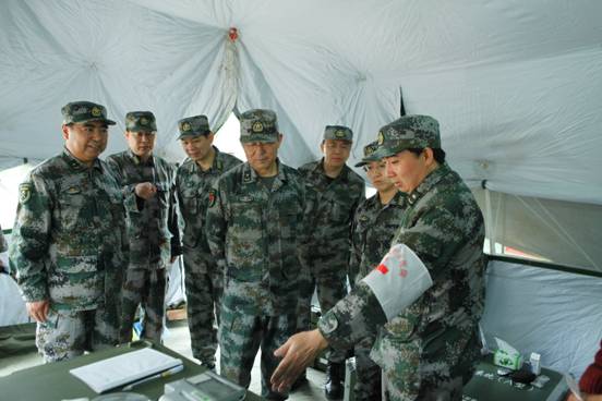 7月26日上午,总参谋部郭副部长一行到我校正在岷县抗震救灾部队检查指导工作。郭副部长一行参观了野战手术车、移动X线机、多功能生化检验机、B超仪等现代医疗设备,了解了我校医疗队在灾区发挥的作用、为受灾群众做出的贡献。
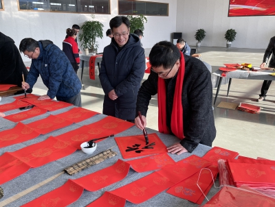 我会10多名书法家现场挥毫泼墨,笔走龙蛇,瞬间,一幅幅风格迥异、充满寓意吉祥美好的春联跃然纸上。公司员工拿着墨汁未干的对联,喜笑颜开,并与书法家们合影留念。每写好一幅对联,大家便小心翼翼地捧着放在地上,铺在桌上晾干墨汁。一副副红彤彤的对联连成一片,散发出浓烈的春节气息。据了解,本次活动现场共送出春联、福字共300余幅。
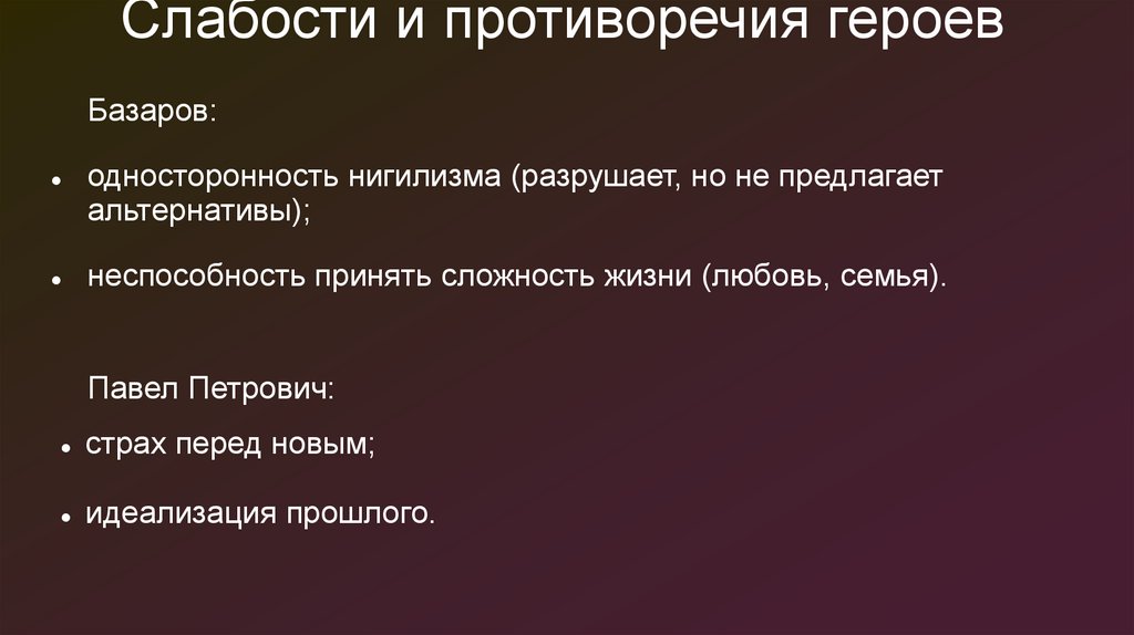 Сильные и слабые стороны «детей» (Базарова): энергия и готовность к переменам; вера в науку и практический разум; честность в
____
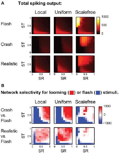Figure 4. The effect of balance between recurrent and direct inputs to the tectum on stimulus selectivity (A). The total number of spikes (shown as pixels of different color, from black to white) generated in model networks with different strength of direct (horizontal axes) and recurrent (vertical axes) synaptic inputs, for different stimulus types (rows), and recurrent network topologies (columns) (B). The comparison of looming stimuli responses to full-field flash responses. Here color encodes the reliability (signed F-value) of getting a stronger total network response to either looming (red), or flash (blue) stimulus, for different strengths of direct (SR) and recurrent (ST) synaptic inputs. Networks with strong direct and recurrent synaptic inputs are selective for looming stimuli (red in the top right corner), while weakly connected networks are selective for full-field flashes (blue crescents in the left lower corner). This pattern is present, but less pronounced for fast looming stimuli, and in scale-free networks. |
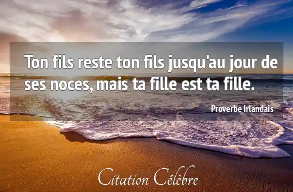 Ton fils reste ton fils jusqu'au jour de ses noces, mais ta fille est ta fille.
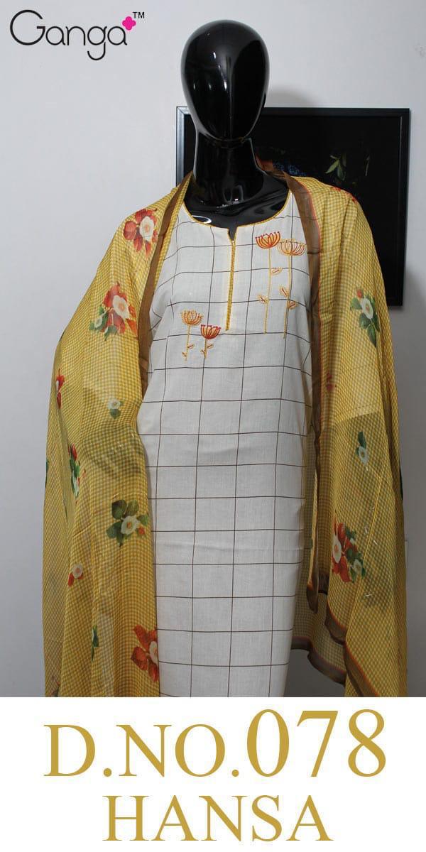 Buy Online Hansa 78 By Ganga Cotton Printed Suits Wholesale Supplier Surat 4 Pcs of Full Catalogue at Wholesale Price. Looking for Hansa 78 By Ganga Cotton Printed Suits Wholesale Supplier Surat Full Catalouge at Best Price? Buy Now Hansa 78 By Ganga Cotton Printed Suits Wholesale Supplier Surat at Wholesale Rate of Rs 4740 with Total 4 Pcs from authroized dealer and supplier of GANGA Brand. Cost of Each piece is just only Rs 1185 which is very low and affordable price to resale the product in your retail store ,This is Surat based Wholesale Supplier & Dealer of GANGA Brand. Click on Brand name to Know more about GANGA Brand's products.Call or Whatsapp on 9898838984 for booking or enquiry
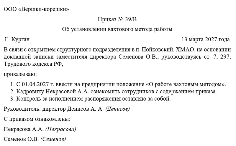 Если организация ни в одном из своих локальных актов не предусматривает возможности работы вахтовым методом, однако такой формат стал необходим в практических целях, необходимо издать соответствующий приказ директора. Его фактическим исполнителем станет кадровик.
____
## ASSIGNMENT
Reproduce the lines above starting at the one with "Ton fils reste" and ending at the one with "Если организация ни", both included, exactly and with no pictures.

## EXERCISE OUTPUT
 Ton fils reste ton fils jusqu'au jour de ses noces, mais ta fille est ta fille.
 Buy Online Hansa 78 By Ganga Cotton Printed Suits Wholesale Supplier Surat 4 Pcs of Full Catalogue at Wholesale Price. Looking for Hansa 78 By Ganga Cotton Printed Suits Wholesale Supplier Surat Full Catalouge at Best Price? Buy Now Hansa 78 By Ganga Cotton Printed Suits Wholesale Supplier Surat at Wholesale Rate of Rs 4740 with Total 4 Pcs from authroized dealer and supplier of GANGA Brand. Cost of Each piece is just only Rs 1185 which is very low and affordable price to resale the product in your retail store ,This is Surat based Wholesale Supplier & Dealer of GANGA Brand. Click on Brand name to Know more about GANGA Brand's products.Call or Whatsapp on 9898838984 for booking or enquiry
 Если организация ни в одном из своих локальных актов не предусматривает возможности работы вахтовым методом, однако такой формат стал необходим в практических целях, необходимо издать соответствующий приказ директора. Его фактическим исполнителем станет кадровик.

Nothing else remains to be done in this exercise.